The essential lingo for building with Large Language Models — get up to speed fast with our LLM Primer ✔️
Ready to get started with LLM? Our team has learned a ton from playing and building with LLMs over the last few years. As our founder/CEO says “AI years are like dog years.” By that measure we now have decades of experience or so it feels 😅
Here’s the 21 most important terms to know if you want to work with LLMs:
1. Foundation models: an LLM that serves as the basis or starting point for developing more specialized models tailored for specific tasks or industries.
2. GPT or Generative Pretrained Transformer: A series of LLMs developed by OpenAI.
We use GPT-4, GPT-3.5-turbo (the model behind ChatGPT), and text-davinci-003 (the latest GPT-3 model). But we previously also used text-davinci-002, Curie, Ada, etc. In other words, there’s lots of them!
3. Neural networks: A type of machine learning model inspired by the human brain. LLMs are a specific type of neural network known as transformer-based models.
4. Gradient descent: The process used to train neural networks, including LLMs, by iteratively adjusting the model's weights to minimize the loss function.
5. Pre-training: This is the initial phase of training, where the model learns to predict the next word in a sentence.
A common misconception is that biased training data used in pre-training will necessarily make the model biased. Bias can be addressed during the fine-tuning.
6. Fine-tuning: This is a process where the pre-trained model is further trained (or "tuned") on a specific task. Fine-tuning allows the model to adapt its general language understanding to a specific use cases and to align its behavior more closely with human values.
7. Alignment: The process of ensuring that the model's output aligns with human values and goals.
8. Training Corpus: This refers to the massive amount of text data that the model is trained on. It includes books, articles, websites, and other forms of written language.
9. Parameters: Internal variables that the model uses to make predictions. The more parameters, the bigger the model.
When an LLM is "trained", these parameters are being adjusted so that the model can make accurate predictions or generate coherent.
Remember this meme from twitter:
10. Tokenization: Breaking down text into words or parts of words, which the model can process.
One token is roughly four characters in English and fewer in other languages, even other latin alphabet languages – which we learned the hard way for Kraftful - don't ask!
11. Prompt engineering: This is the process of designing the input (or "prompt") given to an LLM to elicit a desired response.
Good prompt engineering can significantly improve the performance of a language model.
Prompt engingeering gets less critical as models improve. We recall writing super complex prompts in early 2020 to get GPT3 to do basic things, now done with a 1-sentence prompt. It's also less important in chat where you give the model feedback to ultimately get the desired output.
12. Context window or sequence length: The number of tokens that the model can take as input at once.
For those of us using LLMs to summarize large texts (like user feedback from various sources), part of the puzzle is figuring out how to keep the original context when breaking up text to fit into the context window.
13. Hallucinations: Describes instances where an LLM generates output that is not grounded in its input data.
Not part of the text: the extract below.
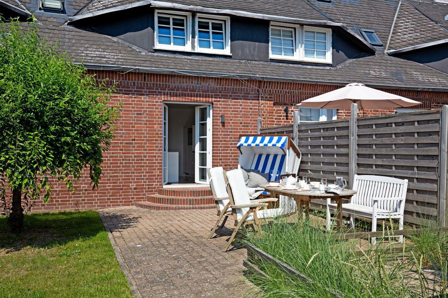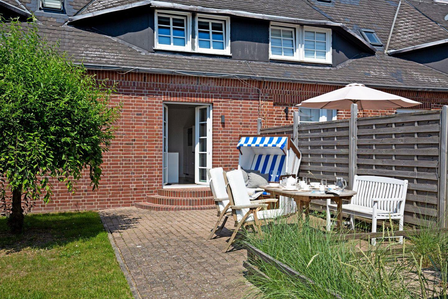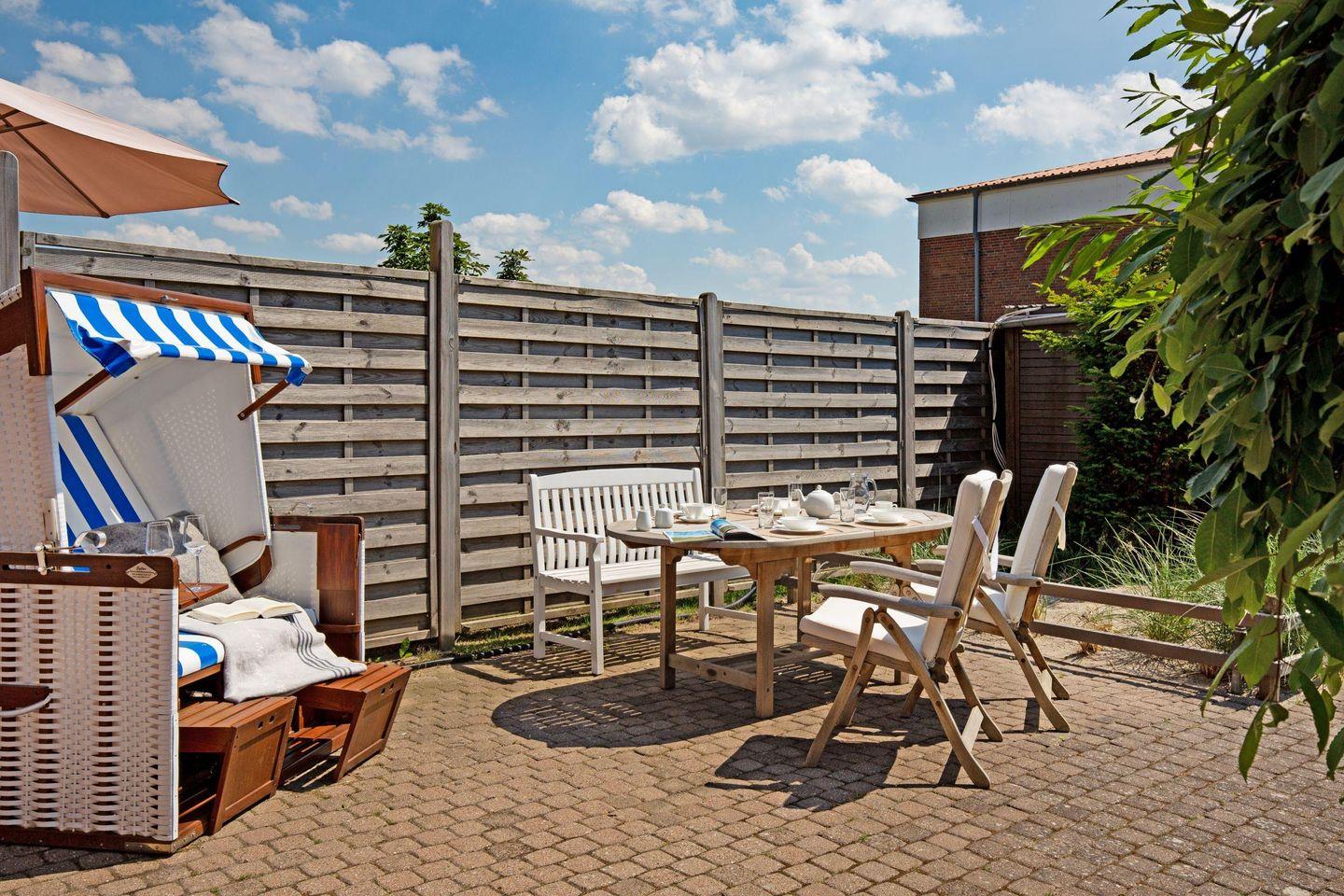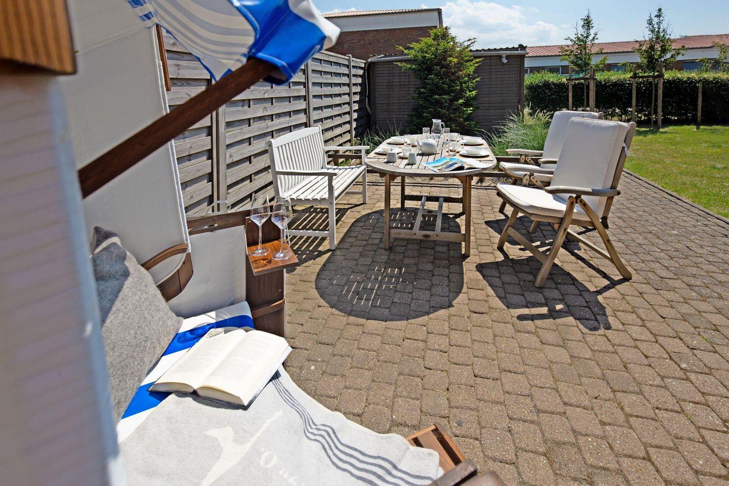 Großes familienfreundliches Ferienreihenhaus für bis zu sechs Personen mit Terrasse und Strandkorb.

This can often lead to the generation of factually incorrect or nonsensical stuff. I wrote a thread about how to limit hallucinations yesterday.
14. Zero-shot learning: This is the ability of the model to understand and perform tasks that it was not specifically trained on. It uses its general understanding of language to make inferences and predictions.
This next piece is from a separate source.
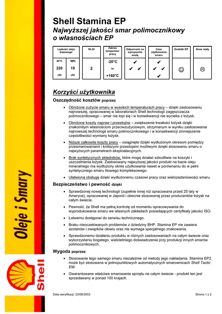 Shell Stamina EP Najwyższej jakości smar polimocznikowy o własnościach EP Lepkość oleju bazowego 40°C 100°C 220 19 cSt cSt NLGI 2 Zakres temperatur pracy Odporność na wymywanie wodą Czas użytkowania smaru -20°C ✔ ✔ ✔ ✔ ✔ ✔ ✔ to +160°C Dodatki EP Smar stały ☺ Korzyści użytkownika Oszczędność kosztów poprzez • Obniżone zużycie smaru w wysokich temperaturach pracy – dzięki zastosowaniu najnowszej, opracowanej w laboratoriach Shell technologii zagęszczacza polimocznikowego – smar nie topi się i w konsekwencji nie wycieka z łożysk. • Obniżone koszty napraw i przestojów – zwiększenie trwałości łożysk dzięki znakomitym własnościom przeciwzużyciowym, otrzymanym w wyniku zastosowania najnowszej technologii smaru polimocznikowego i w konsekwencji zmniejszenie częstotliwości wymiany łożysk. • Niższe całkowite koszty pracy – osiągnięte dzięki wydłużonym okresom pomiędzy przesmarowaniami i krótszymi przestojami możliwymi dzięki stosowaniu smaru o najwyższych parametrach eksploatacyjnych. • Brak syntetycznych składników, które mogą działać szkodliwie na koszyki i uszczelnienia łożysk. Zastosowany najwyższej jakości produkt na bazie oleju mineralnego ma wydłużony okres użytkowania nawet w porównaniu do w pełni syntetycznego smaru litowego kompleksowego. • Ułatwioną obsługę dzięki wydłużonemu czasowi pracy oraz wielozadaniowości smaru. Bezpieczeństwo i pewność dzięki • Sprawdzonej nowej technologii (zupełnie innej niż opracowana przed 25 laty w Ameryce), opracowanej w Japonii i obecnie stosowanej przez producentów łożysk na całym świecie. • Pewność, że Shell ma pełną kontrolę od momentu opracowywania do wyprodukowania smaru we własnych zakładach posiadających certyfikaty jakości ISO. • Łatwemu dostępowi do serwisu technicznego. • Braku nieoczekiwanych problemów z dziedziny BHP. Stamina EP nie zawiera azotanów i związków ołowiu oraz nie wymaga specjalnego znakowania. • Sprawdzonemu działaniu produktu w różnych zastosowaniach na całym świecie oraz wykorzystaniu bogatego, wieloletniego doświadczenia przy produkcji innych smarów polimocznikowych. Wygoda poprzez • Stosowanie tego samego smaru niezależnie od metody jego nakładania. Stamina EP2 może być stosowana w jednopunktowych automatycznych smarownicach Shell Tactic EM. • Gwarantowane właściwe smarowanie sprzętu na całym świecie - produkt ten jest sprzedawany w ponad 100 krajach. Data weryfikacji: 23/06/2003 Strona 1 z 2 Podstawowe zastosowania Przemysł stalowy, papierniczy, chemiczny, produkcja aluminium i wiele innych. Zalecany jako smar o własnościach EP do stosowania w wysoko obciążonych łożyskach kulowych, wałeczkowych i ślizgowych, w wysokich temperaturach pracy gdzie wymagany jest smar o wydłużonym okresie użytkowania. Sprawdzony w następujących zastosowaniach: Walcownie taśm na gorąco Łożyska w fabrykach papieru (strona sucha) Silniki elektryczne (duże) Zakres temperatur pracy Shell Stamina EP jest zalecany do stosowania w zakresie temperatur od -10°C do 160°C (maksymalnie do 180°C przy skróconych okresach przesmarowywania). Zdrowie i bezpieczeństwo Shell Stamina EP nie stwarza zagrożenia dla zdrowia, jeżeli używa się go w odpowiedni sposób oraz przy zachowaniu zasad higieny. Informacje na temat zdrowia i bezpieczeństwa dostępne są w Karcie Charakterystyki Produktu dostępnej w firmie Shell. Doradztwo techniczne W przypadku zastosowań innych niż opisane, należy się skontaktować z przedstawicielem Shell. Typowe własności fizyczne Shell Stamina Klasa NLGI Kolor Rodzaj zagęszczacza Olej bazowy EP 2 Jasnobrązowy Polimocznik Mineralny Lepkość kinematyczna @ 40°C cSt 100°C cSt (IP 71/ASTM-D445) 220 19 Penetracja po ugniataniu @ 25°C 0.1 mm (IP 50/ASTM-D217) 280 Temperatura kroplenia °C (IP 132) 260 Pompowalność Duże odległości Słaba Charakterystyka ta jest typowa dla obecnej produkcji. Strona 2 z 2

15. One or few-shot learning: In one-shot learning, the model receives a single example, and in few-shot learning, it receives a small number of examples.
For example: you could tell the model to write a poem and include a sample poem so that it can see your desired format.
16. Agent: In the context of LLMs, this refers to an implementation of a language model that is designed to interact with users or other systems, like a chatbot or virtual assistant.
17. Embedding: A vector representation of words that can be used to determine how similar that text is to embeddings of other text. Words used in similar contexts have embeddings that are closer in the vector space.
18. Vector database: A specialized type of database designed to efficiently store and manage embeddings. The key feature of a vector database is its ability to perform efficient similarity search.
19. LLMOps: This term refers to the operational aspects of deploying and managing LLMs in production, including model training, deployment, monitoring, and troubleshooting.
20. Open-source language models: These are models that are made available for public use and modification, so they can be deployed on-premise or in a private cloud.
21. Multimodal models: Models that combine language with other types of data, like images or sound.
Thanks for joining us on this journey through the fascinating world of large language models and their applications. Happy building!